Hardware specification. Document the exact GPU model and count. Different GPU architectures produce different floating-point results.
import torch
import numpy as np
import random
def set_deterministic(seed: int = 42):
"""Configure 訓練 for maximum reproducibility."""
random.seed(seed)
np.random.seed(seed)
torch.manual_seed(seed)
torch.cuda.manual_seed_all(seed)
torch.backends.cudnn.deterministic = True
torch.backends.cudnn.benchmark = False
torch.use_deterministic_algorithms(True)
# Note: some operations have no deterministic 實作
# and will raise RuntimeError with this settingDeterministic Training
When Determinism Matters for 安全
Deterministic 訓練 is most valuable for 安全 in two scenarios:
Verification by re-execution. If 訓練 is deterministic, a verifier can re-run 訓練 and compare the 輸出 hash against the claimed artifact.
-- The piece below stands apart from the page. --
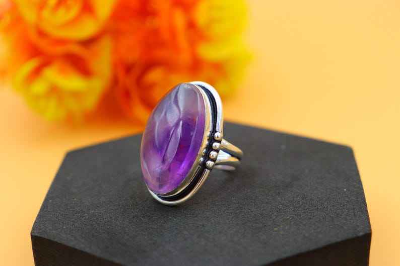 Vintage Natural Amethyst Gemstone Handmade Silver Oxidized Statement Big Stone Ring Simple Designer Ring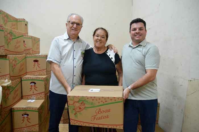 A cesta ainda contém uma lata de panettone com gotas de chocolate, uma lata de biscoitos amanteigados de 300 gramas, uma caixa de um litro de suco integral, uma caixa de bombom de 250 gramas, um pote de doce de leite de 400 gramas, um pacote de Geladinho com 40 unidades, um pacote de amendoim empanado de 500 gramas, duas garrafas de 2 litros de refrigerantes, sendo um de cola e um de guaraná.

Any mismatch indicates tampering. 這是 the gold standard for artifact integrity but is extremely expensive for large models.
Anomaly 偵測. Even without full determinism, 訓練 with controlled randomness produces outputs within a predictable range. A poisoned model whose weights fall outside this range can be detected statistically.
Practical Determinism
For small models and 微調 runs, deterministic 訓練 is practical:
- LoRA 微調 on a single GPU with fixed seeds produces reproducible results
- Small model 訓練 (< 1B parameters) with deterministic operations is feasible
- 評估 pipeline execution can be fully deterministic
For large-scale pretraining, deterministic 訓練 is impractical:
- Multi-GPU 訓練 introduces communication-order non-determinism
- Performance cost of deterministic operations is 10-30%
- Some critical operations lack deterministic implementations
End-to-End Provenance
The Provenance Chain
A complete provenance chain links the deployed model back to its origins:
訓練資料 (hash) -> Preprocessing code (commit) ->
Training code (commit) -> Training environment (manifest) ->
Training run (metrics + hash of 輸出) -> 評估 (results) ->
安全 gate (pass/fail) -> Registry (signed artifact) ->
Deployment (verified deployment)
Each link includes:
- 輸入 artifact hashes (what went in)
- Process identifier (what transformed it)
- 輸出 artifact hashes (what came out)
- Signer identity (who attests to this link)
Provenance Storage
Provenance records should be stored in an append-only, tamper-evident system:
| Option | Properties | Suitability |
|---|---|---|
| Rekor (Sigstore transparency log) | Public, append-only, cryptographically verifiable | Best for open-source models |
| Internal append-only log | Private, organization-controlled | Best for proprietary models |
| Blockchain | Immutable, decentralized | Overkill for most use cases |
| Git (signed commits) | Auditable, version-controlled | Good for provenance metadata |
參考文獻
- Sigstore -- Keyless signing infrastructure
- SLSA Framework -- 供應鏈 levels and provenance
- PyTorch Reproducibility -- Deterministic 訓練 documentation
- in-toto -- Software 供應鏈 layout verification
An organization stores model artifact hashes in the same S3 bucket as 模型 weights. 攻擊者 with write access to the bucket modifies both 模型 and its hash. Why does this hash verification scheme fail, and how should it be fixed?